In these past few weeks, we’ve seen things change, quickly and dramaticallyWe’ve heard the prophets of doom tell us to “prepare,” almost always by buying whatever book, video or trinket they’re selling. 

Change is constant and those who accept that know being prepared means being able to see a new reality and adapt behavior and thinking to it.  Preparedness means being ready to see that the old ways of reacting will not be helpful.  

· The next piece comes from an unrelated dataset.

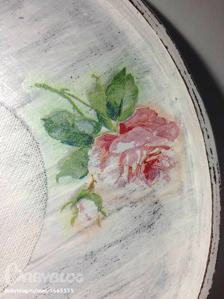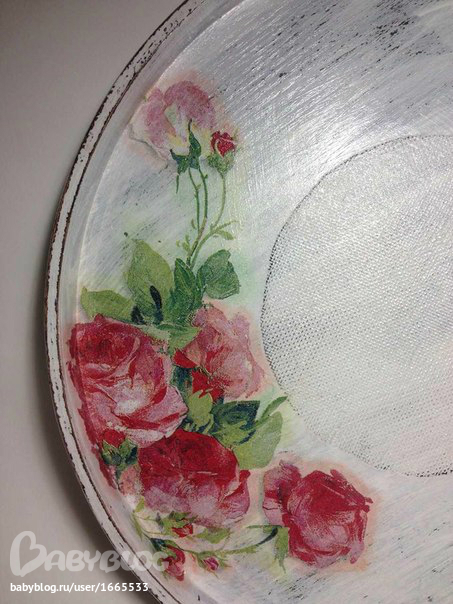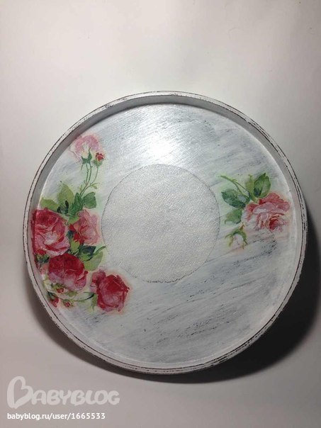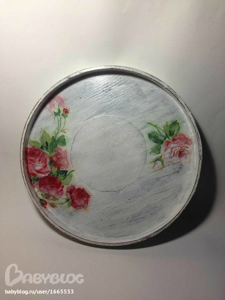 Ход работы: зашкурила поднос, покрыла в два слоя коричневой краской, после высыхания потерла некоторые места свечкой. Покрыла белой акриловой краской в два слоя. Шкуркой аккуратно прошлась по бортику подноса и внутри, снимая аккуратно верхний слой краски. Стряхнула пыль. Методом файла нанесла на поднос заранее вырванные мотивы роз из салфетки. Покрыла клеем ПВА. После высыхания клея покрыла два раза лаком на водной основе. Сухой пастелью сделала дымку вокруг рисунка. Сбрызнула лаком для волос. После покрыла лаком на водной основе в два слоя.
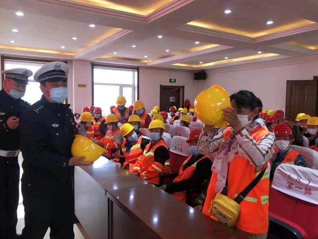 培训会上,宣教民警现场为参加活动的50余名环卫工人发放了由爱心企业赠送的安全头盔,并示范了安全头盔的

The COVID-19 pandemic is new. It has given us new evidence of the eternal reality that evil lurks among us and must be confronted and defeated day-by-day. While most of us struggled to adapt to the empty shelves, the concept of “social distancing,” and the economic devastation of this pandemic, others went a different direction.  Those who emptied the shelves and filled their garages with toilet paper, surgical masks, hand sanitizer, and pasta sought to create and profit from shortages and misery.    

Meanwhile, Christians and Jews observed their holiest days of the year. Lent and Easter, for Christians, is a time of self-assessment and acknowledgement of the sin and evil that surrounds us and seeks to infect our lives. Only by doing so can we “prepare” to do the hard work of becoming better people, letting go of our own needs to attend to the physical and spiritual needs of others and on the things, small and substantial, that we can do for others. Just as important is recognizing and being grateful for all the things, small and substantial, that others have done for us. 

On a personal level, this Lent and Easter season has been unique among those past and future. First, there were a series of tests and consultations with doctors.  To turn that saga into a synopsis, let it be said that the diagnosis was not good, but the upside percentages were. Curiously, the mind tends to look past the recovery percentages to the smaller possibility that treatments may fail. The same is, of course, true of COVID-19. 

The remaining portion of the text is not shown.